- YOUR GOAL
The copy you return should hold only the lines from the top of the data below through the line with "Badminton rackets and", each duplicated exactly and with no pictures.

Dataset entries
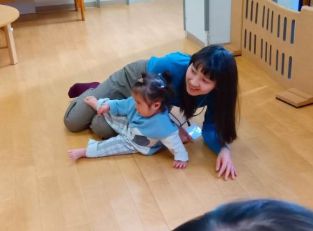 保護者の方から離れて保育士のところまで来てくれる姿がありました。
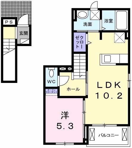 | 間取り詳細 | 洋室 5.3畳 、 LDK 10.2畳 |
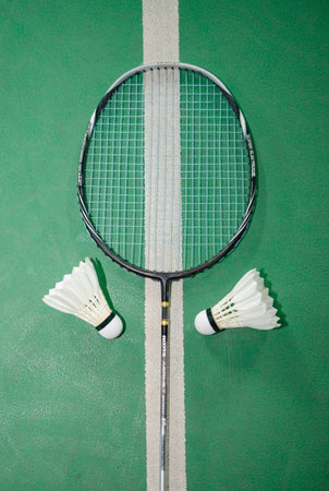 Badminton rackets and white cream badminton shuttlecocks after playing or after games on green floor in indoor badminton court soft focus concept for badminton lovers around the world.
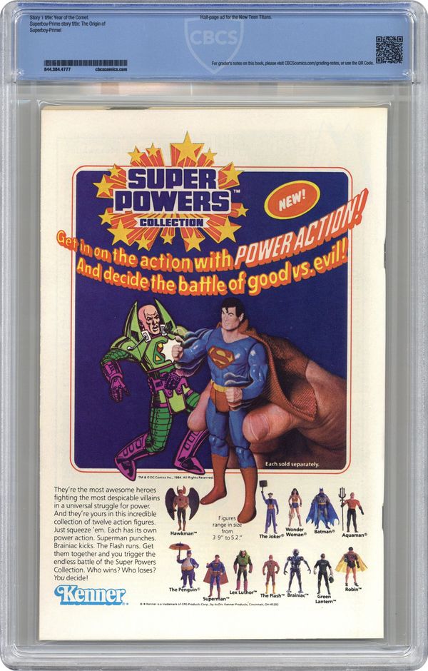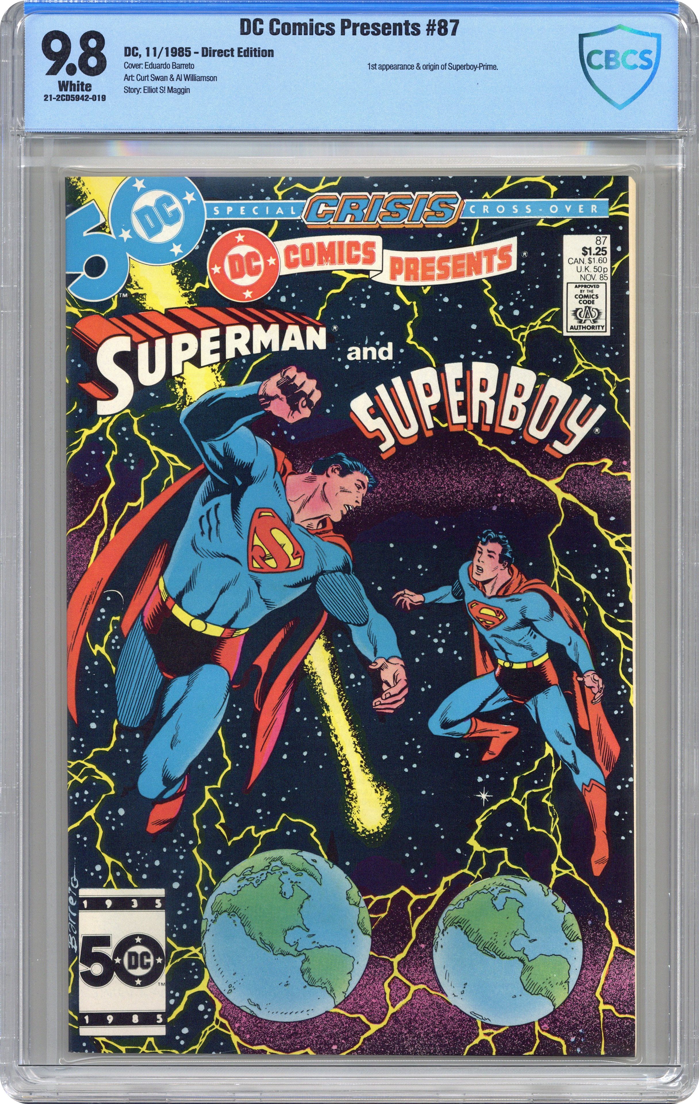 Ended Feb 3 2024 Winning Bid $100 Direct Edition. Crisis on Infinite Earths cross-over. Zapped by an alien ray, Superman hops dimensions and teams up with Superboy-Prime to battle Polarians on Earth-Prime in the 24-page "Year of the Comet." Continued in Adventures of Superman (1939) #414. Script by Elliot S! Maggin, art by Curt Swan & Al Williamson. Plus: the 16-page "Origin of Superboy-Prime" by Maggin, Swan & Williamson. Cover by Eduardo Barreto. Cover price $1.25. Grade: CBCS 9.8 explanation of grade Condition: Used (collectible)
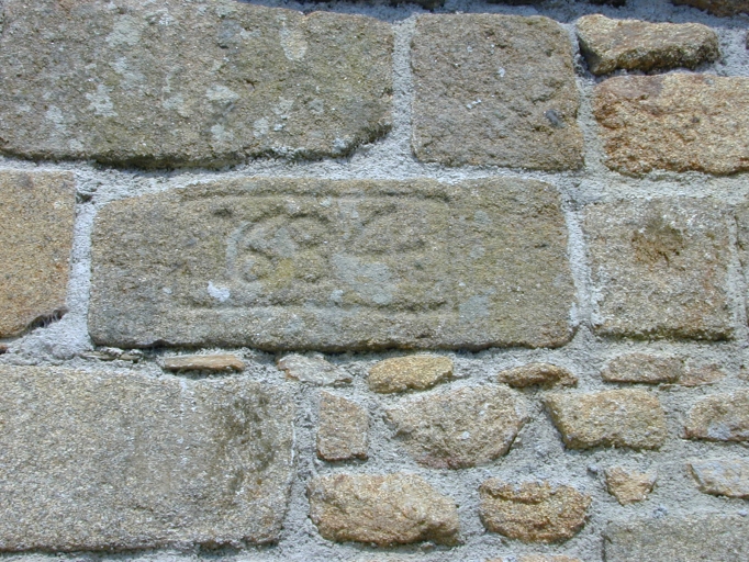 L'ancien logis, pierre gravée d'une date enchâssée dans la façade : détailImmatriculation

- SOLUTION FOR THIS TASK
 保護者の方から離れて保育士のところまで来てくれる姿がありました。
 | 間取り詳細 | 洋室 5.3畳 、 LDK 10.2畳 |
 Badminton rackets and white cream badminton shuttlecocks after playing or after games on green floor in indoor badminton court soft focus concept for badminton lovers around the world.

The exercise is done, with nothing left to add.